Description of the task — A verbatim copy of the listing is needed; pictures are to be left out.

===== Recorded data =====

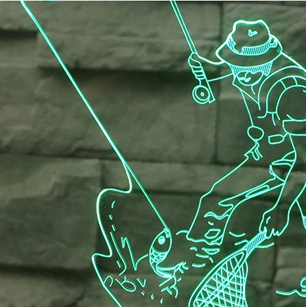 Ночной светильник светодиодного типа, представляет собой форму рыбака. Есть режим смены цветов освещения, обладает 3D визуализацией. Ночник изготовлен из абс пластика, мощность устройства 0,5 ватт. Работает от аккумулятора заряжаемого через кабель usb.
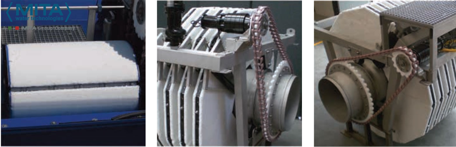 Bộ lọc được đỡ ở hai đầu bằng hai cụm con lăn phi kim loại, giúp loại bỏ hoàn toàn nguy cơ hư hỏng bạc đạn (bearing failure). Các mô-đun lọc có thể tháo rời dễ dàng chỉ với hai đai ốc, giúp thay thế vải lọc nhanh chóng và thuận tiện. Bơm hoặc vòi hút (backwash shoe) cũng có thể tháo rời hoàn toàn và dễ dàng để phục vụ bảo trì, sửa chữa.
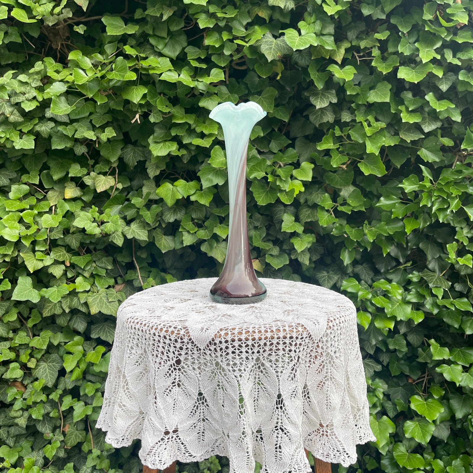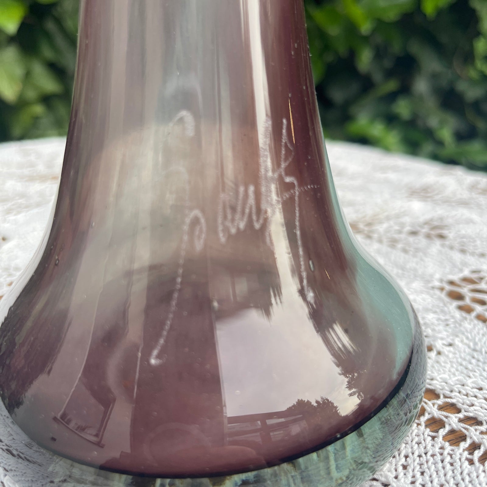 This stunning mid-century handblown glass vase from the renowned Krosno glassworks in Poland captures the essence of modern European glass artistry. Its tall, flared form features a beautiful gradient from smoky plum at the base to pale aqua near the rim, creating a fluid interplay of color and light. The organically shaped opening adds a sculptural quality, making it both a decorative centerpiece and a collectible example of 20th-century Polish craftsmanship. The vase is signed by the artist and remains in excellent vintage condition.

=====

Written answer —
 Ночной светильник светодиодного типа, представляет собой форму рыбака. Есть режим смены цветов освещения, обладает 3D визуализацией. Ночник изготовлен из абс пластика, мощность устройства 0,5 ватт. Работает от аккумулятора заряжаемого через кабель usb.
 Bộ lọc được đỡ ở hai đầu bằng hai cụm con lăn phi kim loại, giúp loại bỏ hoàn toàn nguy cơ hư hỏng bạc đạn (bearing failure). Các mô-đun lọc có thể tháo rời dễ dàng chỉ với hai đai ốc, giúp thay thế vải lọc nhanh chóng và thuận tiện. Bơm hoặc vòi hút (backwash shoe) cũng có thể tháo rời hoàn toàn và dễ dàng để phục vụ bảo trì, sửa chữa.
 This stunning mid-century handblown glass vase from the renowned Krosno glassworks in Poland captures the essence of modern European glass artistry. Its tall, flared form features a beautiful gradient from smoky plum at the base to pale aqua near the rim, creating a fluid interplay of color and light. The organically shaped opening adds a sculptural quality, making it both a decorative centerpiece and a collectible example of 20th-century Polish craftsmanship. The vase is signed by the artist and remains in excellent vintage condition.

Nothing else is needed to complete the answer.